(Beginning of GIVEN MATERIAL)

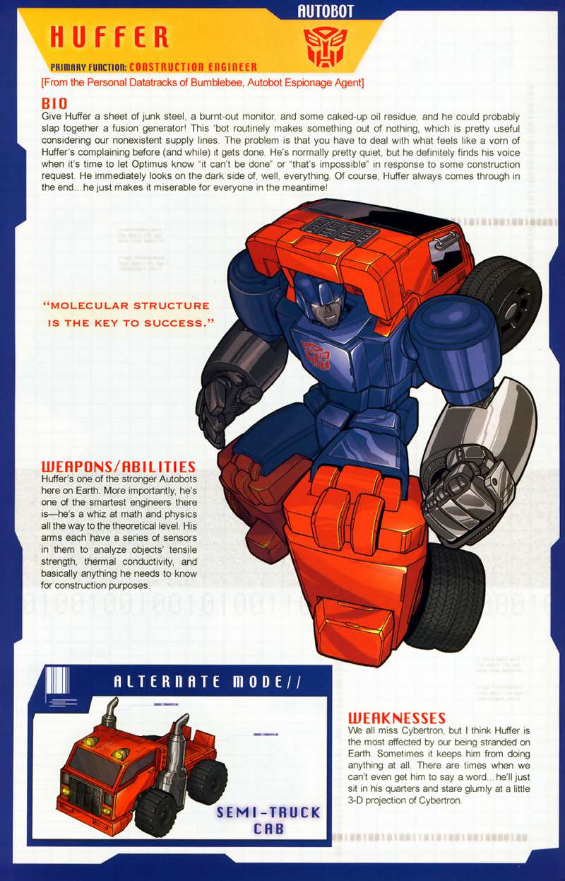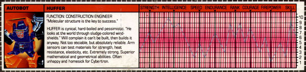 Huffer ist ein abgebrühter Zyniker und Pessimist. "Er sieht die Welt durch schlammverdreckte Windschutzscheiben." Sagt immer, das etwas nicht gebaut werden kann, baut es dann aber trotzdem. Kein sozialer Typ, aber absolut zuverlässig. Seine Armsensoren können Materialen auf Stärke, Hitzebeständigkeit, Elastizität, etc. prüfen. Extrem stark. Überlegene mathematische und geometrische Fähigkeiten. Oft unglücklich, hat Heimweh nach Cybertron.
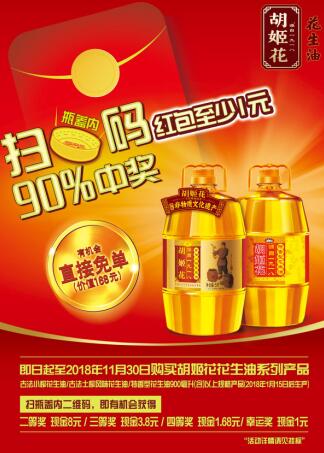即日起,胡姬花更有“扫码赢红包”活动,开盖扫码,百分百中奖赢现金红包,与胡姬花一起传承千年鲁菜风味。
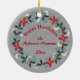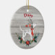Rustic Christmas Dalmatian Dog Antlers Greenery Ceramic Ornament Will be the highlight of your tree. A playful Dalmatian wearing ornaments on his pretend antlers looks up as if he is watching for Santa. Beautiful holiday greenery holly, pine and poinsettia in Christmas reds and greens decorate the bottom of the ornament.All of this on a gray rustic wooden texture background. Change the dog's name to your pup's. The back of the ornament has a wreath of the same greenery on a texture of gray kraft paper and has the saying "Happy Howlidays and also "the Anderson Humans" and the year to edit and make it your own . This text as well as all of the text on this ornament is editable with the personalize tool. Make your Dalmatian proud and get several of these to sprinkle around your tree. This ornament as well as matching napkins and paper plates for your holiday parties are in our "HAPPY HOWLIDAYS DOG" COLLECTION in our store.
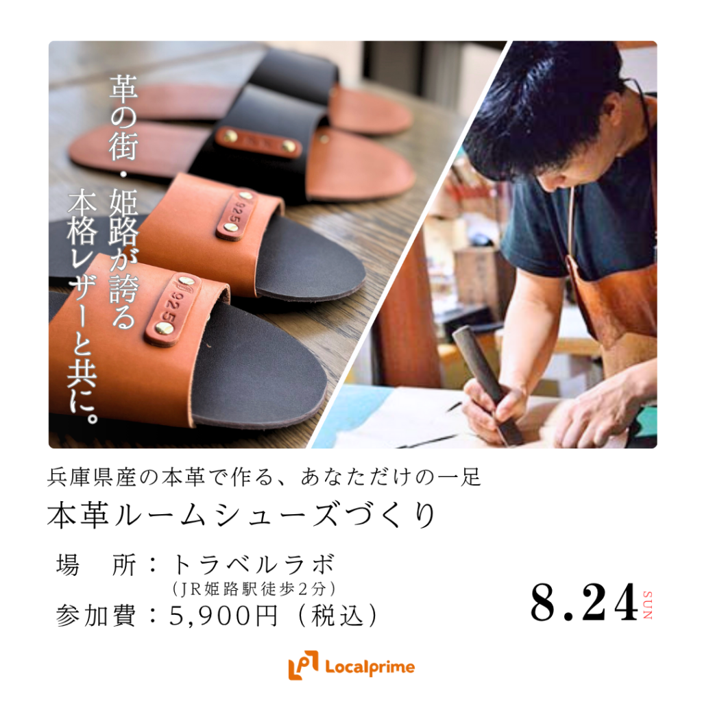 ホーム » 体験・イベント » 〔2025/8/24(日)開催〕兵庫県産の本革で作る。あなただけの一足。本革ルームシューズづくり

(End of GIVEN MATERIAL)

-- TASK BRIEF --
Set down the data again, exactly, without images.

-- REPLY TO THE TASK --
 Huffer ist ein abgebrühter Zyniker und Pessimist. "Er sieht die Welt durch schlammverdreckte Windschutzscheiben." Sagt immer, das etwas nicht gebaut werden kann, baut es dann aber trotzdem. Kein sozialer Typ, aber absolut zuverlässig. Seine Armsensoren können Materialen auf Stärke, Hitzebeständigkeit, Elastizität, etc. prüfen. Extrem stark. Überlegene mathematische und geometrische Fähigkeiten. Oft unglücklich, hat Heimweh nach Cybertron.
即日起,胡姬花更有“扫码赢红包”活动,开盖扫码,百分百中奖赢现金红包,与胡姬花一起传承千年鲁菜风味。
Rustic Christmas Dalmatian Dog Antlers Greenery Ceramic Ornament Will be the highlight of your tree. A playful Dalmatian wearing ornaments on his pretend antlers looks up as if he is watching for Santa. Beautiful holiday greenery holly, pine and poinsettia in Christmas reds and greens decorate the bottom of the ornament.All of this on a gray rustic wooden texture background. Change the dog's name to your pup's. The back of the ornament has a wreath of the same greenery on a texture of gray kraft paper and has the saying "Happy Howlidays and also "the Anderson Humans" and the year to edit and make it your own . This text as well as all of the text on this ornament is editable with the personalize tool. Make your Dalmatian proud and get several of these to sprinkle around your tree. This ornament as well as matching napkins and paper plates for your holiday parties are in our "HAPPY HOWLIDAYS DOG" COLLECTION in our store.
 ホーム » 体験・イベント » 〔2025/8/24(日)開催〕兵庫県産の本革で作る。あなただけの一足。本革ルームシューズづくり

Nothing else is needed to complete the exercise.